- **PROBLEM DETAILS**:
The answer must be a word-for-word copy of the records below, with every picture left out.

====== EXCERPTED DATA ======

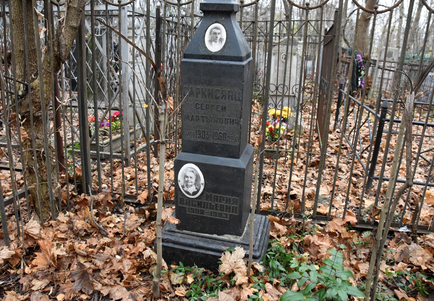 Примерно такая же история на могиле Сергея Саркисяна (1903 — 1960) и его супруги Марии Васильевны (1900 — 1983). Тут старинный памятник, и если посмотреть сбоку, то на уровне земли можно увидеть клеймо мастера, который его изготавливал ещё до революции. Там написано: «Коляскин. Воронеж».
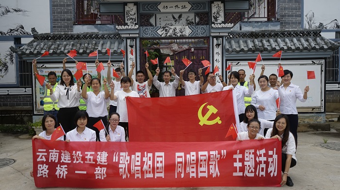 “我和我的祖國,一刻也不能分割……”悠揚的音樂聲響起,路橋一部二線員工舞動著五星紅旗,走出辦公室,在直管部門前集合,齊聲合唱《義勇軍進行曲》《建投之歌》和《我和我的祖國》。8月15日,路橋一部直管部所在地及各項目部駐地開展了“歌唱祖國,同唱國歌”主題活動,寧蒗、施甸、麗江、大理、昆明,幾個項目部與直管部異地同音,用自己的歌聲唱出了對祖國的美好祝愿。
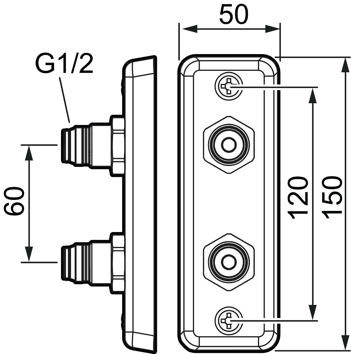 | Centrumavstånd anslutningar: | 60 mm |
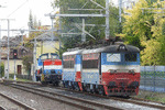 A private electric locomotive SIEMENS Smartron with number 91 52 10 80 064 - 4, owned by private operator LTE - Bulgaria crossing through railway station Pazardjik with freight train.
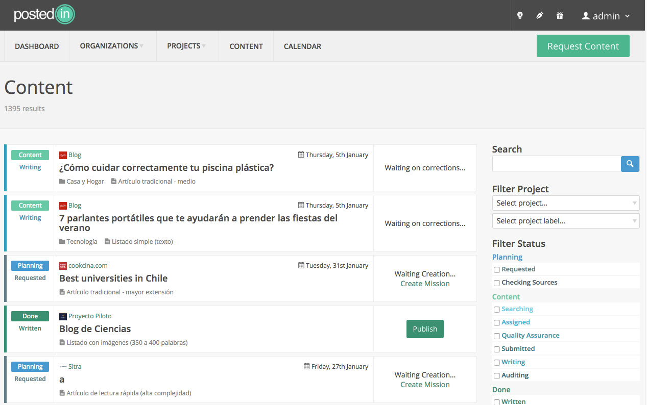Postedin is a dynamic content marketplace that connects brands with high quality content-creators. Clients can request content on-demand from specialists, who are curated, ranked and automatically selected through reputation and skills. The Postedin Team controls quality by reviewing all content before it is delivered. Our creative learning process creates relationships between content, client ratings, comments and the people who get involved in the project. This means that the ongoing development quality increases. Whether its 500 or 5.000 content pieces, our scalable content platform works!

======

- **THE ANSWER**:
 Примерно такая же история на могиле Сергея Саркисяна (1903 — 1960) и его супруги Марии Васильевны (1900 — 1983). Тут старинный памятник, и если посмотреть сбоку, то на уровне земли можно увидеть клеймо мастера, который его изготавливал ещё до революции. Там написано: «Коляскин. Воронеж».
 “我和我的祖國,一刻也不能分割……”悠揚的音樂聲響起,路橋一部二線員工舞動著五星紅旗,走出辦公室,在直管部門前集合,齊聲合唱《義勇軍進行曲》《建投之歌》和《我和我的祖國》。8月15日,路橋一部直管部所在地及各項目部駐地開展了“歌唱祖國,同唱國歌”主題活動,寧蒗、施甸、麗江、大理、昆明,幾個項目部與直管部異地同音,用自己的歌聲唱出了對祖國的美好祝愿。
 | Centrumavstånd anslutningar: | 60 mm |
 A private electric locomotive SIEMENS Smartron with number 91 52 10 80 064 - 4, owned by private operator LTE - Bulgaria crossing through railway station Pazardjik with freight train.
Postedin is a dynamic content marketplace that connects brands with high quality content-creators. Clients can request content on-demand from specialists, who are curated, ranked and automatically selected through reputation and skills. The Postedin Team controls quality by reviewing all content before it is delivered. Our creative learning process creates relationships between content, client ratings, comments and the people who get involved in the project. This means that the ongoing development quality increases. Whether its 500 or 5.000 content pieces, our scalable content platform works!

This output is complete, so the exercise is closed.